Load in house sales data

Dataset is from house sales in King County, the region where the city of Seattle, WA is located.



In [2]:

    
sales = graphlab.SFrame('kc_house_data.gl/')









    



[INFO] 1449116990 : INFO:     (initialize_globals_from_environment:282): Setting configuration variable GRAPHLAB_FILEIO_ALTERNATIVE_SSL_CERT_FILE to C:\Users\linghao\AppData\Local\Dato\Dato Launcher\lib\site-packages\certifi\cacert.pem
1449116990 : INFO:     (initialize_globals_from_environment:282): Setting configuration variable GRAPHLAB_FILEIO_ALTERNATIVE_SSL_CERT_DIR to 
This non-commercial license of GraphLab Create is assigned to zhanglh13@fudan.edu.cn and will expire on September 21, 2016. For commercial licensing options, visit https://dato.com/buy/.

[INFO] Start server at: ipc:///tmp/graphlab_server-18440 - Server binary: C:\Users\linghao\AppData\Local\Dato\Dato Launcher\lib\site-packages\graphlab\unity_server.exe - Server log: C:\Users\linghao\AppData\Local\Temp\graphlab_server_1449116990.log.0
[INFO] GraphLab Server Version: 1.7.1

Create new features

As in Week 2, we consider features that are some transformations of inputs.



In [3]:

    
from math import log, sqrt
sales['sqft_living_sqrt'] = sales['sqft_living'].apply(sqrt)
sales['sqft_lot_sqrt'] = sales['sqft_lot'].apply(sqrt)
sales['bedrooms_square'] = sales['bedrooms']*sales['bedrooms']
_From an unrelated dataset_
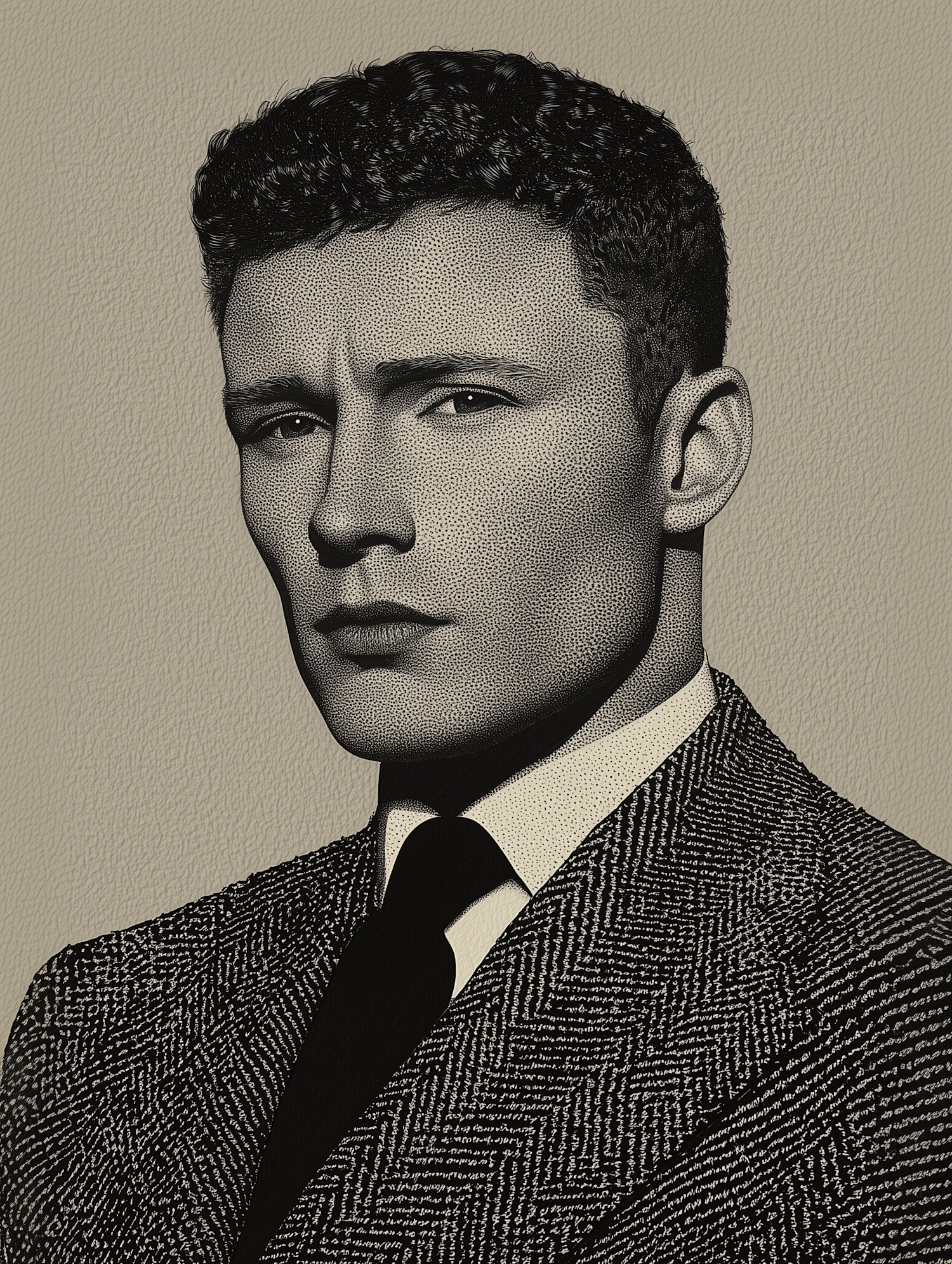 Vintage-style illustration of a man in a herringbone suit, featuring a stippling technique and a textured beige background.

# In the dataset, 'floors' was defined with type string, 
# so we'll convert them to int, before creating a new feature.
sales['floors'] = sales['floors'].astype(int) 
sales['floors_square'] = sales['floors']*sales['floors']

Squaring bedrooms will increase the separation between not many bedrooms (e.g. 1) and lots of bedrooms (e.g. 4) since 1^2 = 1 but 4^2 = 16. Consequently this variable will mostly affect houses with many bedrooms.
On the other hand, taking square root of sqft_living will decrease the separation between big house and small house. The owner may not be exactly twice as happy for getting a house that is twice as big.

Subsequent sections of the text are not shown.